4. By this petition, Petitioners seek pension from the date following their dates of retirements along with arrears as well as refund of the excess amount in proportion to the amount contributed towards 56% of the CPF with interest. Contention of the Petitioners is two-fold, as broadly understood. Learned counsel for the Petitioners submit that Bank has arbitrarily fixed a cut-off date i.e., 27.11.2009 from which the pension was payable to the Petitioners and there is a clear discrimination between Petitioners who opted under the second option pursuant to the MoS and those employees who opted under 1995 Regulations and retired subsequently. Pensioners form a homogenous class and all policies relating to pension must be uniformly applied to all.
5. It is further argued that the Bank claims that the settlement was with the consent of the respective Unions of the Workmen/Officers, however, this is an incorrect fact inasmuch as retirees/retired employees were never invited for or consulted in the joint meeting. The joint note/MoS on which emphasis is laid by the Bank to deny benefits of pension to the Petitioners from the respective dates of their retirements had no statutory force and could not amend 1995 Regulations, which were statutory in nature. It needs no reiteration that a statutory regulation cannot be amended or superseded by an Executive order/Notification/Circular as held by the Supreme Court in Bank of Baroda and Another v. G. Palani and Others, (2022) 5 SCC 612.
6. The next and the only other contention is that while on one hand, Petitioners have been denied payment of pension from actual dates of their retirements, they have been subjected to a uniform recovery of 56% of CPF and additionally, Bank has made no contribution to the corpus placing the entire financial burden on the pensioners including the Petitioners.
7. Mr.
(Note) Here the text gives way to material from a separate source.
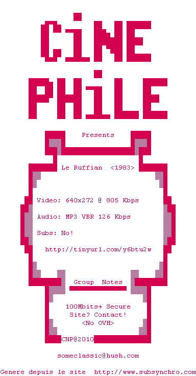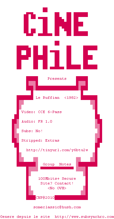 | Voir le nfo de la release Le.Ruffian.1983.FRENCH.DVDRiP.XviD-CiNEPHiLE | CiNEPHiLE | Le.Ruffian.1983.FRENCH.DVDRiP.XviD-CiNEPHiLE OpenSubtitles | 0 fichier | ||
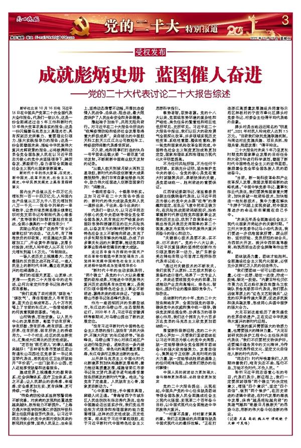 二十大报告对未来5年乃至更长时期党和国家事业发展的目标任务和大政方针进行科学谋划,擘画了新时代中国特色社会主义的宏伟蓝图,激励着全党全军全国各族人民的团结奋斗。

Rajat Arora, learned counsel for the Bank, per contra, argues that Petitioners who are 43 in number were all employees of the Bank and had retired prior to 27.04.2010. At the time of their retirements/superannuation, they had not opted under 1995 Regulations which were notified in the Gazette on 29.09.1995. There were consistent demands by the employees for one more pension option to those employees who had not opted in terms of 1995 Regulations and looking into the demands, a joint note/MoS was executed on 27.04.2010 between IBA and the Workmen Union’s/Officers’ Association. Pursuant to the settlement, Bank issued a Circular dated 16.08.2010 in terms of which, employees who had not opted under the 1995 Regulations were given a second option to opt for pension in terms of the said Regulations. The MoS was entered into with the consent of the stakeholders and the terms as agreed upon were stipulated not only in the MoS but also in the Circular dated 16.08.2010. It was provided in the MoS in Clause 8 that pension shall be paid w.e.f. 27.11.2009 as also that those who opted under the MoS will have to share 30% of the funding gap in addition to refunding the Bank’s contribution to PF within the stipulated time. With their eyes open, Petitioners opted under the second option and cannot question the terms of the settlement, more particularly, as their right flows only from the MoS and the subsequent Circular since at the time of retirement they were not pension optees and were not entitled to pension.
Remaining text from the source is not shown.